Like most of the other POWs, he was released in 1973.

Today, they're still tight. "If you've walked through a fire together like that, you've shared an experience very few people can relate to," says McNish, who was in a cell next to McCain's in the prison known as the Hanoi Hilton.

Almost all of McCain's former fellow captives like and respect him, even when they disagree. "I know him as a man, and that's most important," says Bill Austin, a former fighter pilot downed a few weeks before McCain. "He is who he says he is."

A few are more liberal than McCain; many are more conservative. Leo Thorsness of Madison, Ala., who shared a cell with him, differs on immigration — "I told him, 'Fix our borders first' " — and Brunstrom did not vote for McCain in the Florida primary because he was "too close to the middle."

Although their fraternity transcends — and to some extent disdains — politics, it has become enmeshed in the presidential campaign.

About two dozen former POWs are at the convention as McCain surrogates.
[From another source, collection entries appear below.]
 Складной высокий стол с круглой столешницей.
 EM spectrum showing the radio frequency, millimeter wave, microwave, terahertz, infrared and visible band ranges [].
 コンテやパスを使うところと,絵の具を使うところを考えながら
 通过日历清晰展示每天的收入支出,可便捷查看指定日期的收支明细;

On Tuesday night, one former POW, Robert Certain, gave the invocation; while another, Virginia delegate Orson Swindle, took the stage to ask POWs in the hall to rise. They received a standing ovation.

At least one former POW says he won't vote for McCain. Phillip Butler, a former Navy pilot shot down in 1965 who now lives in Monterey, Calif., lived across the hall from McCain at the U.S. Naval Academy. "I like and respect John as a person, but even if he were my blood brother, I would not vote for him," he says. "On Election Day, fitness to be president trumps everything."
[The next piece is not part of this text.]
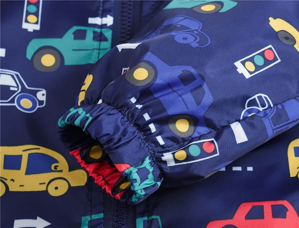 Детское весеннее пальто с капюшоном с рисунком кота и машины для маленьких мальчиков и девочек, куртка, топы

Butler faults McCain's temper, age and stand on issues such as Iraq. He also says that many other POWs besides McCain turned down a chance for early release, and accuses him of using his imprisonment for political advantage: "He was just one of the guys, nothing special until the media started making him the hero, and he played along."

McCain talked about his POW experience in his stump speech in 2000, and in recent weeks he or his aides have brought it into discussions of the candidates' national security credentials and McCain's uncertainty about how many residences his family owns.
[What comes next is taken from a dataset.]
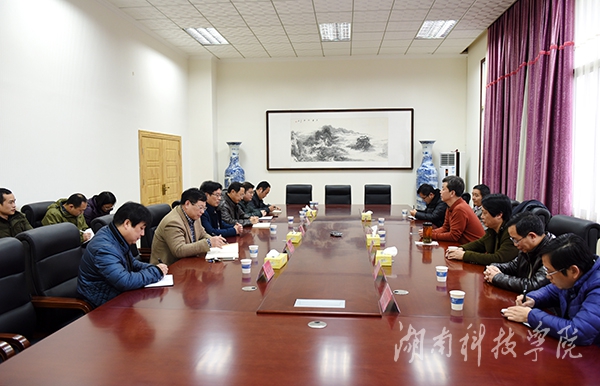 本网讯 (摄影 何帅文) 2月23日下午,永州市科学技术协会永州市科协党组书记、主席翟方奇一行来校考察交流,双方就“新春新学年,科普进校园”活动等进行深入探讨和交流。副校长宋宏福出席,宣传部、教务处、学工部、团委、科技处负责人参加交流活动。

Most POWs are puzzled why anyone would think they could understand McCain without understanding what he went through. "What came out of that is going to affect our lives forever," Austin says, "some for good, some for bad."

Paradoxically, his old comrades are among the few Americans not in awe of what McCain survived; many were held longer or tortured harder. They love McCain not because he's exceptional, but because he's one of the gang.

Those whose capture preceded his make a joke: "I didn't meet John McCain in prison. John McCain met me."